Clockwise from top left: Menu A; diablo burger, macaroni & cheese, fries, fresh egg rolls, Sex Nachos (my designation).
  • Clockwise from top left: Menu A; diablo burger, macaroni & cheese, fries, fresh egg rolls, Sex Nachos (my designation).

Eternally on a quest to find a strip club where the food is more than a Sysco-fueled hooch sop, I stopped in to try out the all-vegan menu at Casa Diablo (NSFW) (2830 NW St. Helens Rd) this afternoon. Reasoning that any place which emphasizes a hard-line dietary constraint as half of its identity was probably making an effort in the kitchen, I cobbled together a sampler of some house specialties and got to know the under-occupied band of merry mid-day dancers. My lovely and well-spoken topless bartender, Nikki, also worked in the kitchen some days, she said, and impressively rattled off not only the ingredients in each dish, but their ratios and evolutions over time. You just don't have conversations like that down at your average Spangle Shanks.

More food and intrigue after the jump...

The Diablo Burger is dressed like a standard fast food-style burger, with fresh vegan thousand island dressing, but at its soul is the inescapable and heartbreaking flavor of Boca patty. I had hoped to find a house-made patty amid all the "house-made-ness" going on, but perhaps this patty is preferred by vegan diners. That ain't my color spectrum, so I don't know. ("Go there and eat that thing if you like that thing," as we say in this business.)

Nachos showed more ambition: the vegan cheese sauce, when mixed in with the numerous other toppings, wasn't noticeably vegan-flavor, as so often happens when a cook tries to invent items from one food group out of another. This nostalgically liquid cheese, freshly made red salsa, a distinctly spicy canned green tomatillo salsa, and a ladling of their scratch-made chili came atop a generous basket of—get this—fresh, house-cut and -fried tortilla chips. The chip being the measure of the nacho, this was heart-lifting. This dish also will make you popular with the dancers: virtually all of the five girls in my company (like I said, go in at slow times) said they would eat some of my nachos, ostensibly for free.

Egg(less?) rolls are rolled fresh each morning, and filled with glass noodles, fresh carrots, and fresh cabbage. They come with a sweet-spicy dipping sauce and are assembled with mechanical precision by one of the two cooks. Golden brown and greaseless, the thin rolls are one of the better appetizers. The kitchen also makes its own hummus, they tell me, and sweet kidney- and pinto-bean chili, which is flavored with molasses and coffee, among other things.
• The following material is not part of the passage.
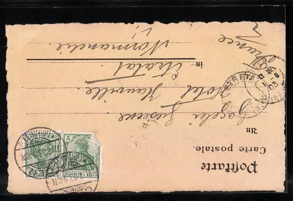 Personenbezogene Daten auf der Rückseite der Karte wurden durch blauen Textmarker unkenntlich gemacht. Die blauen Stellen sind auf die Vorderseite durchgeweicht und wirken sich negativ auf das Postkartenfoto aus

The poor macaroni and cheese...the al-dente elbow noodles are dressed with a thick sauce of nutritional yeast, tapioca flour, soy milk, and seasonings, but despite the good intentions with which it is made, it tasted of powdered sofa. Tellingly, only one of the dancers was interested in taking the uneaten portions. (The rest cited lack of appetite and a fear of career-ending gas, but we all know it was the nutritional yeast.)

Our gentle and well-meaning conversation meandered to the club's interesting practice of hiring from within: according to Nikki, everyone who works there started as a dancer, excepting the cook and owners, which means that a dancer can receive useful real-world food industry training for when they hang up their eight-inch lucite heels. It's nice to see the potential for some escape velocity in a business that typically has a low ceiling (literally, in many cases), no benefits (aside from an hourly shot), and an early retirement age.